▸ Your task
Below are records; the lines starting at the one with "UC Irvine became" and ending at the one with "Jokowi yang tidak" must be reproduced exactly, both included. Pictures must not appear.

▸ Extracted material
————

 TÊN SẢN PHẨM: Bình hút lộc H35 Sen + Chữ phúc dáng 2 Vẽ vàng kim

————

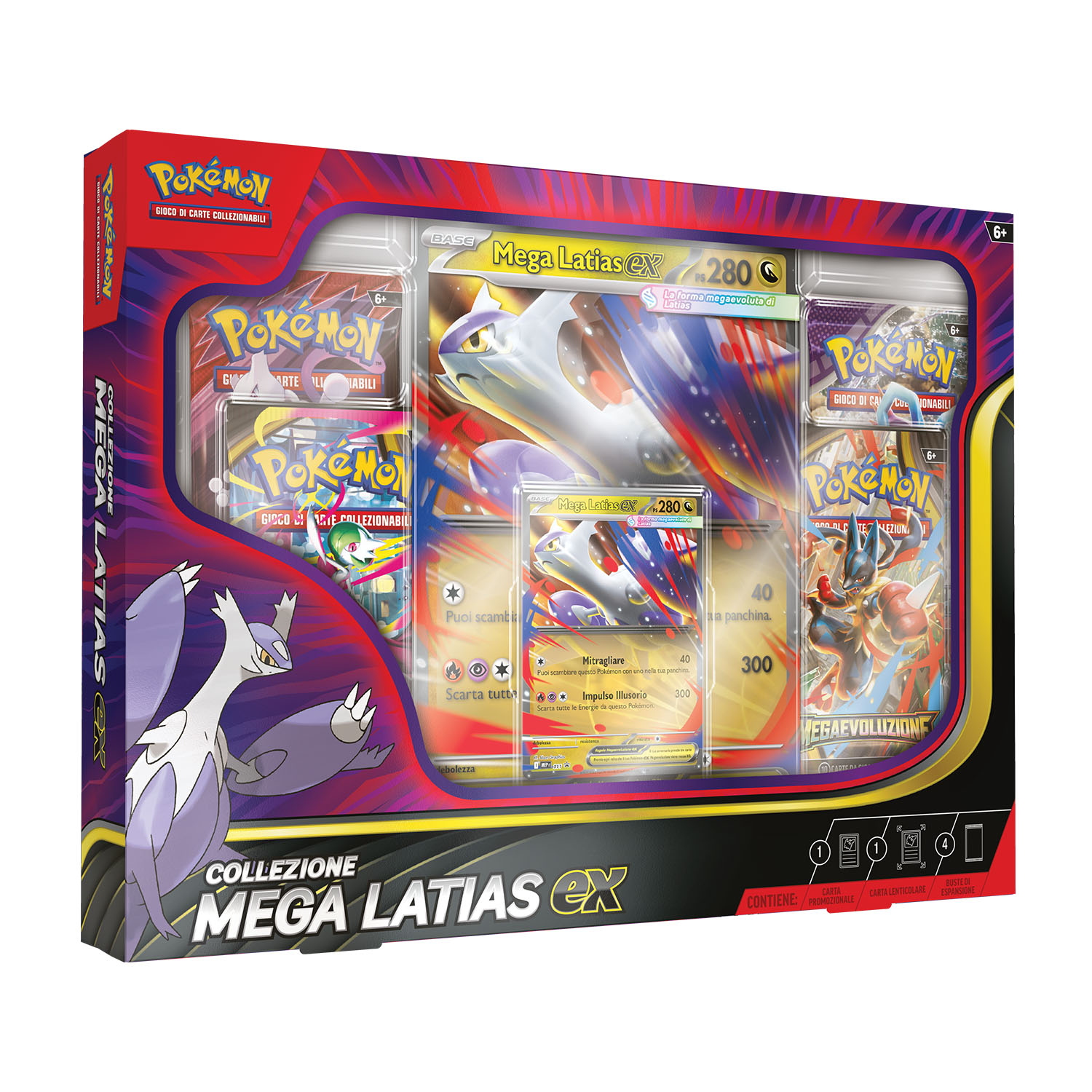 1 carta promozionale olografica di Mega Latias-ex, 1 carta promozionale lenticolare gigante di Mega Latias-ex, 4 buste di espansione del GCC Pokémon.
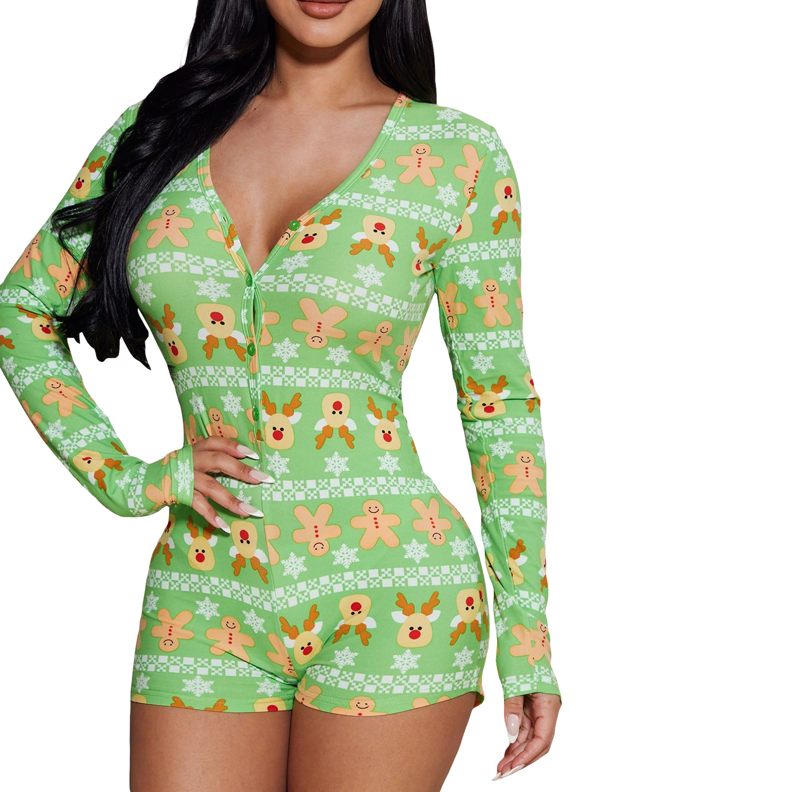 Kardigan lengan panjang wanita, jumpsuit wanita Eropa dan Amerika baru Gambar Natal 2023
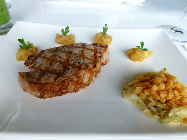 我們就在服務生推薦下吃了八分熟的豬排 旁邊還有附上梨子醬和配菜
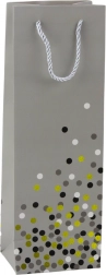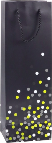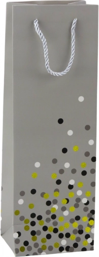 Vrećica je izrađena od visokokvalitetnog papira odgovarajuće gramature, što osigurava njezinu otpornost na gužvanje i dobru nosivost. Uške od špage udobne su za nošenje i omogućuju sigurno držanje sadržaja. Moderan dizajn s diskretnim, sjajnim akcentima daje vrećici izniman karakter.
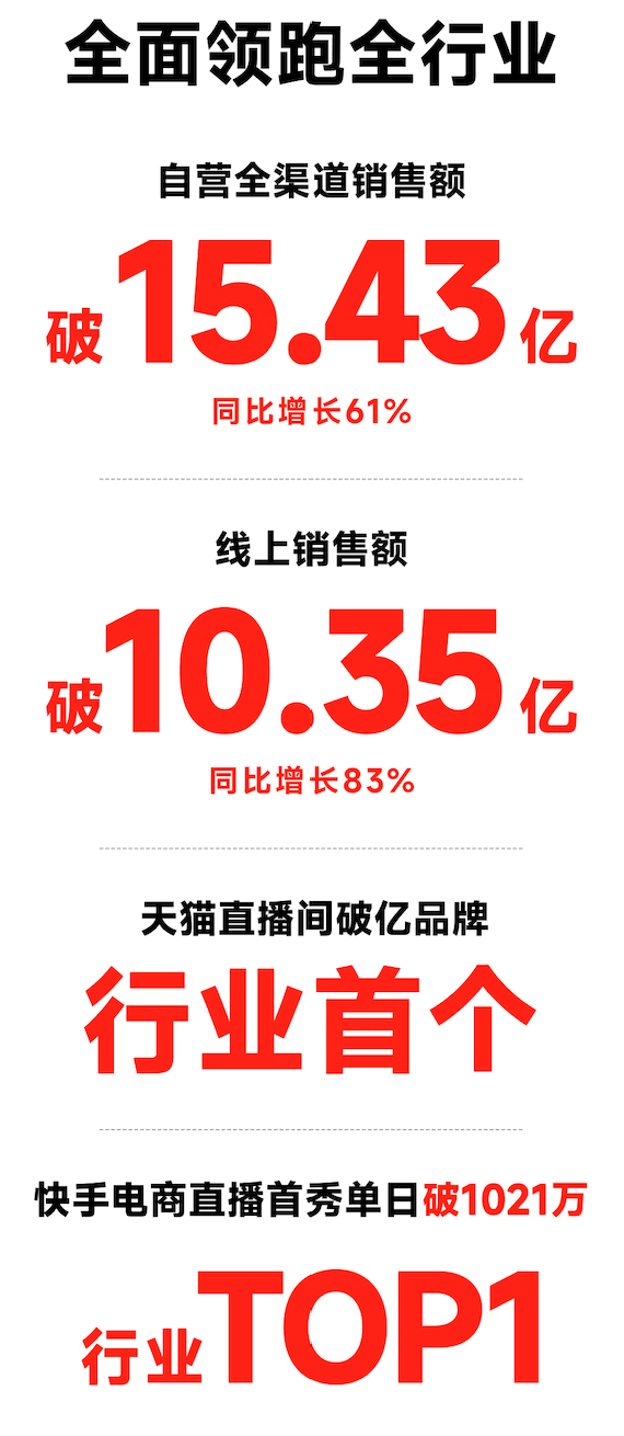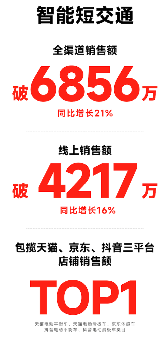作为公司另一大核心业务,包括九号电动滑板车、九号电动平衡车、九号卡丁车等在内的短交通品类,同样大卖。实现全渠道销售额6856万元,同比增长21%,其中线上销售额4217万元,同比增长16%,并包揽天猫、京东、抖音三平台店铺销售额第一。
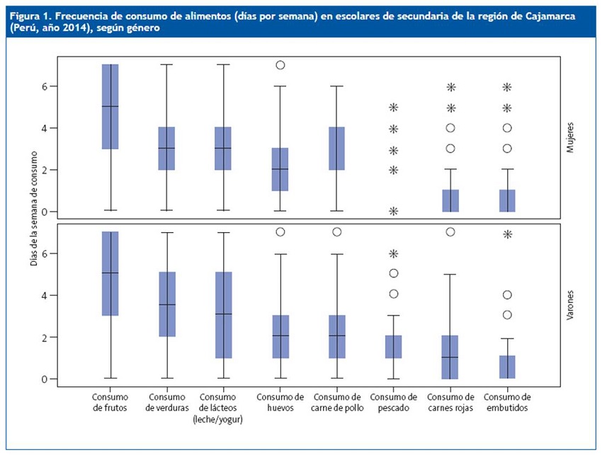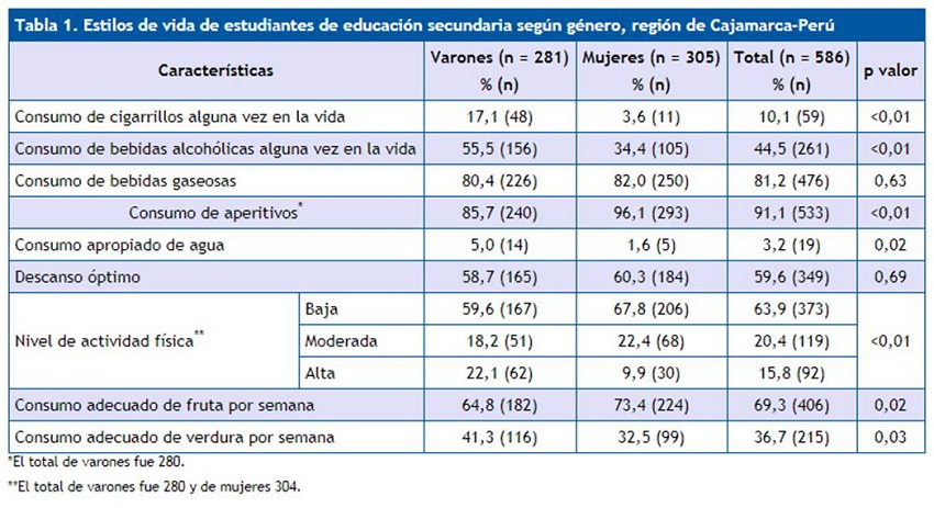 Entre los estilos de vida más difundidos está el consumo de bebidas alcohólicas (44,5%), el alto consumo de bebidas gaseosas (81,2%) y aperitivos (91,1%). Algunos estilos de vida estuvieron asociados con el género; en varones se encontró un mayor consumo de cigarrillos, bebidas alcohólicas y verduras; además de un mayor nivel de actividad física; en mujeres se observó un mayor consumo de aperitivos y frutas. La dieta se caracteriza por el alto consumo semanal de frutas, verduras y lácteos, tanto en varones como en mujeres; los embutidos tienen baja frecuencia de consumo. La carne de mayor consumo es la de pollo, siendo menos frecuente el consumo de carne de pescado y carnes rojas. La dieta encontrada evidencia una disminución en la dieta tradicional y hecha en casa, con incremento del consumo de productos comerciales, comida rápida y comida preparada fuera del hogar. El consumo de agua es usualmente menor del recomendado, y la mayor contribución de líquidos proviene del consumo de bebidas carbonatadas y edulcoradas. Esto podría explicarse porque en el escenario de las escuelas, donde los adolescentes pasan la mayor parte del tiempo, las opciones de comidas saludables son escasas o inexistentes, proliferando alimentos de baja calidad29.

————

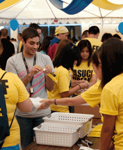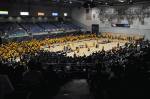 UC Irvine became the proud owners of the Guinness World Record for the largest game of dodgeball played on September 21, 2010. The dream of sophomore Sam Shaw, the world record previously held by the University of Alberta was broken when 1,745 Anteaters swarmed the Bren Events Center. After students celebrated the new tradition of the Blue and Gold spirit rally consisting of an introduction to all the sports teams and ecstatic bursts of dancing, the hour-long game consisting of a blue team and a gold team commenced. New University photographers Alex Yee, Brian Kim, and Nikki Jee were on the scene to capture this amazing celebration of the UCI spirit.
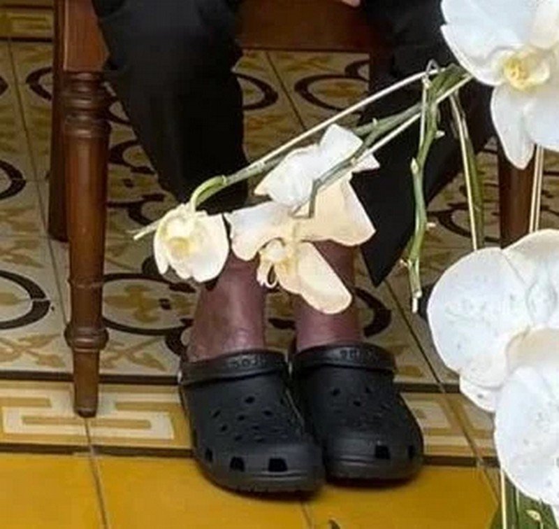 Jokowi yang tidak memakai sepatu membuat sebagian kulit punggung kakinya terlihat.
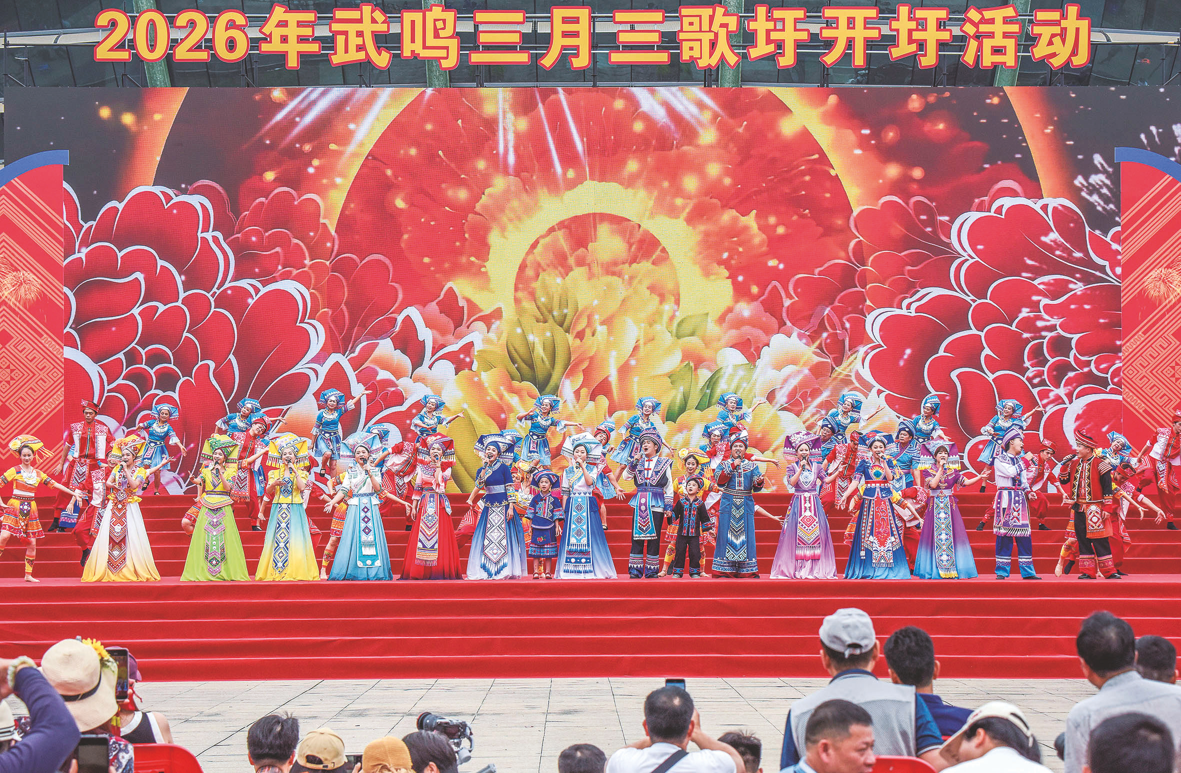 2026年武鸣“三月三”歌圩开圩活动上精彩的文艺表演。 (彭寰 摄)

————

▸ Reply to the task
 UC Irvine became the proud owners of the Guinness World Record for the largest game of dodgeball played on September 21, 2010. The dream of sophomore Sam Shaw, the world record previously held by the University of Alberta was broken when 1,745 Anteaters swarmed the Bren Events Center. After students celebrated the new tradition of the Blue and Gold spirit rally consisting of an introduction to all the sports teams and ecstatic bursts of dancing, the hour-long game consisting of a blue team and a gold team commenced. New University photographers Alex Yee, Brian Kim, and Nikki Jee were on the scene to capture this amazing celebration of the UCI spirit.
 Jokowi yang tidak memakai sepatu membuat sebagian kulit punggung kakinya terlihat.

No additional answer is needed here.